All of these problems affect huge swaths of the population but are often essentially invisible to people at the top of the financial food chain.

In their article When was the last time Marc Andreessen talked to a poor person? Amanda, Dominic-Madori and Kyle expand on the idea, asking when the last time Andreessen spoke to an Instacart shopper struggling to make ends meet. As founders, we get to build the future we want to live in — let’s choose wisely.

Oh, but wait, there’s more installments of the Startup Soap Opera this week:

In the FTX debacle:  Rebecca reports how FTX execs blew through $8 billion, and that testimony reveals how that happened.

More Web Summit drama: Web Summit has a rather checkered history (a Google search for Web Summit drama is more juicy than most tech conferences), and it’s back in the news. Ingrid reports that Web Summit is getting derailed as the conference’s founder picked a very public fight with those supporting Israel in Hamas conflict.

WeWhat now?: There’s been a bit of a back-and-forth argument between WeWork and its competitor Codi. That reached fever pitch this week. Mary Ann reports that WeWork sends a cease and desist notice over its competitor’s “WeWon’t” campaign.

What are the robots up to this week?

Illustration of a robot holds in a hand a wrench and repairs the circuit on a laptop screen.

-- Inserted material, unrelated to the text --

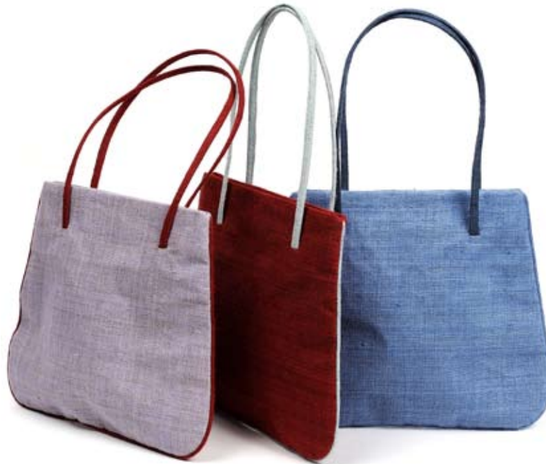
42442 Borsa Gaia in canapa blu - glicine - fragola, cm 35x29, conf 3

Image Credits: Yurii Karvatskyi / Getty Images

The big news in generative AI this week is that Google is starting to throw its weight around, with the search engine being able to generate images and write drafts for you, if you opt in to the Search Generative Experience from Google Labs. Who knows what — if anything — will show up in the main search engine, but seeing Google’s vision of what might happen certainly makes things in the AI space a lot more interesting.

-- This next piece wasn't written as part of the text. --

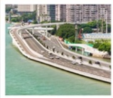
สะพานเหยียนหวู่เจียว

1 ประเทศ 2 ระบบ ในทริปเดียว!! ข้ามทะเลจากจีน...สู่จินเหมิน (ไต้หวัน)

The other highlight of the week for me was Brian’s story about how roboticists are thinking about generative AI.

More AI news, written with human fingers, as far as I’m aware:

These toddlers are still learning: If ChatGPT were human, it would barely be able to walk, so it’s no surprise that it’s a rapidly moving target. Kyle reports that Microsoft-affiliated research finds flaws in GPT-4.

It’s everywhere: An industry where there’s a huge search space, and a race to innovation, is EV batteries. Kirsten’s article about how generative AI is creeping into EV battery development offers a fascinating glimpse into how applied AI is finding use cases in the real world.

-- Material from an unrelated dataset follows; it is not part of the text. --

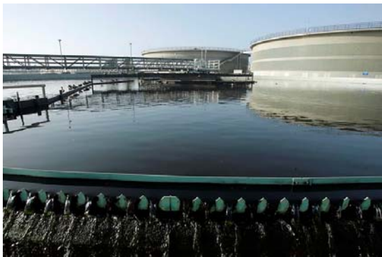
Depuratore nell'Orange County Water District. Il nuovo impianto è costato un mezzo miliardo di dollari.

(18-01-2009) Nella Fountain Valley, in California si può visitare un gigantesco impianto di depurazione. Al suo centro si trovano tre vasche spumeggianti. Il liquido in una di queste è di colore marrone sporco, nella seconda è giallo come urina e nella terza è limpido come l'acqua di fonte.

How to get AI market share: Alex asked a number of venture capitalists who are active in the AI investing space to walk us through what they are seeing in the market today, and they explain how startups can capture and defend market share in the AI era. (TC+)

Top reads on TechCrunch this week

And, as ever . . . here are the top stories in TechCrunch from the last week or so that haven’t yet gotten a name drop and a linky-link above:

MillionsAndMe: A hacker published a new dataset of 23andMe user information containing records of 4 million users on a cybercrime forum. Lorenzo reported that the newly leaked stolen data matches known and public 23andMe user and genetic information.

Blown away by new tech: Whisper Aero emerged from stealth a little over two years ago with a plan. Now it’s unveiled an ultra-quiet electric leaf blower, powered by aerospace tech.

Take my money: No, seriously, that’s what the IRS does. It’s kind of their thing. Although it seems like for 2024, the IRS will pilot free, direct tax filing in 2024, Devin reports. About damn time. Why? Well, this ProPublica story has some context.

A hard pass: Amazon has quietly rolled out support for passkeys as it becomes the latest tech giant to join the passwordless future. But you still might have to hold on to your Amazon password for a little while longer, Carly reports.

War and peace: One of my favorite stories this week was Mike’s reporting on Palestine’s growing tech industry, which he writes “has been literally blown apart by Israel’s war on Hamas.”